- From: Robin Berjon <robin@berjon.com>
- Date: Thu, 19 Nov 2015 10:55:54 -0500
- To: Shane McCarron <shane@aptest.com>, Ivan Herman <ivan@w3.org>
- Cc: W3C RDFa Community <public-rdfa@w3.org>, W3C RDFWA WG <public-rdfa-wg@w3.org>, Tzviya Siegman <tsiegman@wiley.com>, Charles McCathieNevile <chaals@yandex-team.ru>, Dan Brickley <danbri@google.com>, Manu Sporny <msporny@digitalbazaar.com>
On 19/11/2015 10:45 , Shane McCarron wrote:
> I don't feel this is a bug at all. It is as designed. In fact, the
> whole thing with @vocab was to permit the dpub (daisy and others)
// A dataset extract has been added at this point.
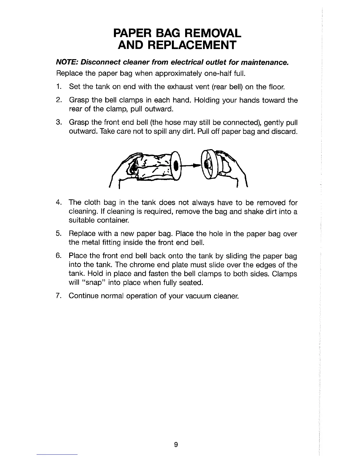 Replace the paper bag when approximately one-half full.
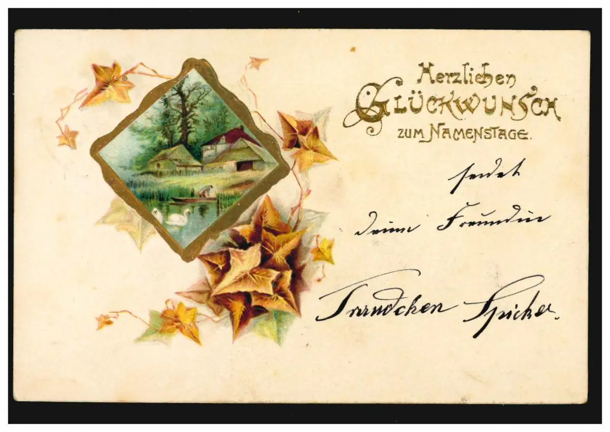 Carte de présentation Félicitations pour la journée de nom Image dans le cadre du lierre, VORST 25.11.1905

> community to switch into their own vocabulary so they would not need to
> prefix their terms. I don't see how we could back away from that at
> this late date.
Most `rel` values have no expectation of being treated as prefix-less
CURIEs. They are meant to be just that short string.
As far as I can tell, the following actually produces a triple:
<html resource="http://berjon.com/" vocab="http://foo.org/">
<head>
<link rel="stylesheet" href="http://berjon.com/pretty.css"/>
</head>
</html>
Testing that out, I get:
<http://berjon.com/>
<http://foo.org/stylesheet> <http://berjon.com/pretty.css> .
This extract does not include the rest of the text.